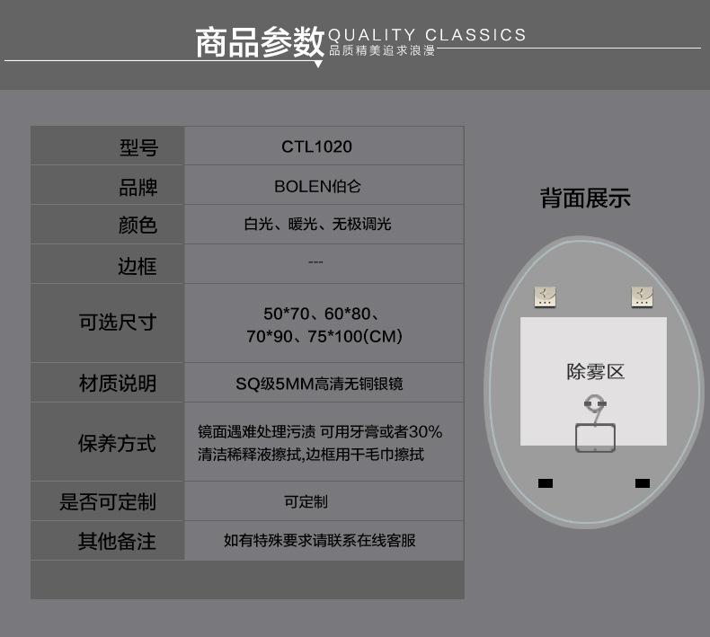 (Upgrade lampshade) double touch + time temperature + stepless dimming [Defog]] 600*800mm
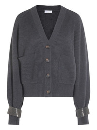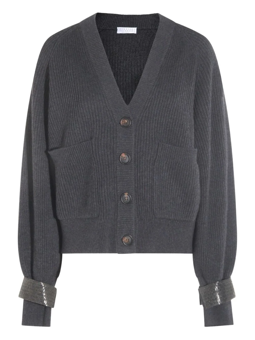 embellished ribbed cardigan Highlights - Grey - Ribbed knit - V-neck - Patch pockets - Button front - Embellished cuffs Made in Italy Composition Cashmere 100% Washing instructions Read Manufacturer Guidelines
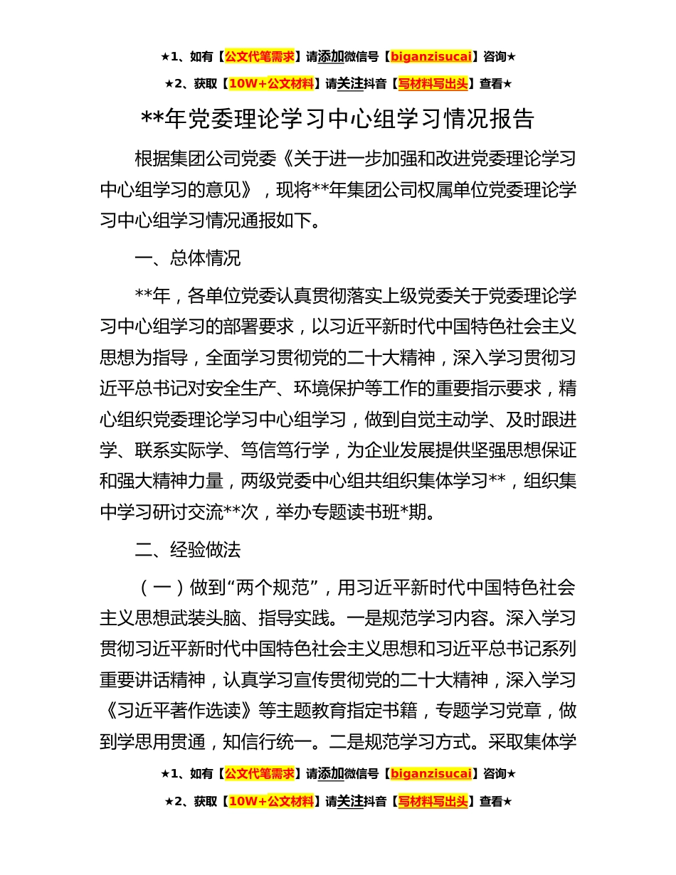 ★1、如有【公文代笔需求】请添加微信号【biganzisucai】咨询★★2、获取【10W+公文材料】请关注抖音【写材料写出头】查看★**年党委理论学习中心组学习情况报告根据集团公司党委《关于进一步加强和改进党委理论学习中心组学习的意见》,现将**年集团公司权属单位党委理论学习中心组学习情况通报如下。一、总体情况**年,各单位党委认真贯彻落实上级党委关于党委理论学习中心组学习的部署要求,以习近平新时代中国特色社会主义思想为指导,全面学习贯彻党的二十大精神,深入学习贯彻习近平总书记对安全生产、环境保护等工作的重要指示要求,精心组织党委理论学习中心组学习,做到自觉主动学、及时跟进学、联系实际学、笃信笃行学,为企业发展提供坚强思想保证和强大精神力量,两级党委中心组共组织集体学习**,组...
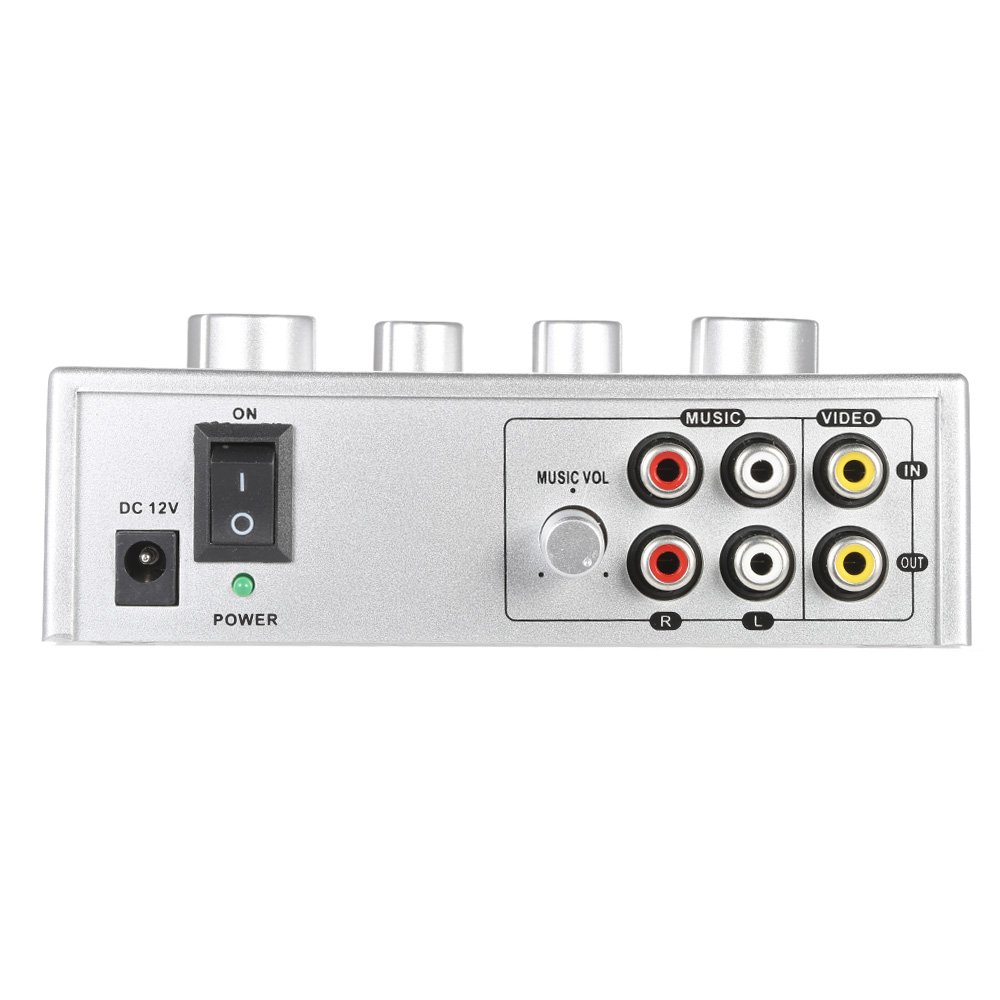 Dual microphone input, video input, audio output for video signal, volume can be adjusted separately.
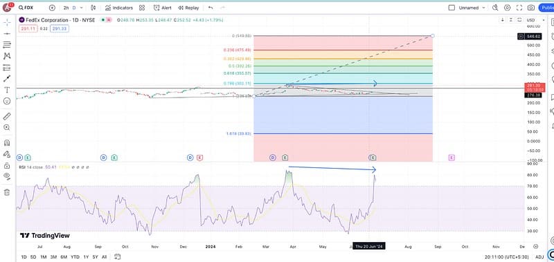 Also, based on the previous swing position, the recent gap-up has formed close to $302, one of the key Fibonacci resistance levels. If the same set of points is followed, the maximum target in the short-to-mid-term for FDX can be as high as $550. However, based on market conditions, multiple corrections can be expected until the price goes that high.

REQUIRED ACTION: Would you copy, exactly, each line from the start of the listing above through the line with "embellished ribbed cardigan", both ends included, but none of the pictures?

FINISHED TASK:
 (Upgrade lampshade) double touch + time temperature + stepless dimming [Defog]] 600*800mm
 embellished ribbed cardigan Highlights - Grey - Ribbed knit - V-neck - Patch pockets - Button front - Embellished cuffs Made in Italy Composition Cashmere 100% Washing instructions Read Manufacturer Guidelines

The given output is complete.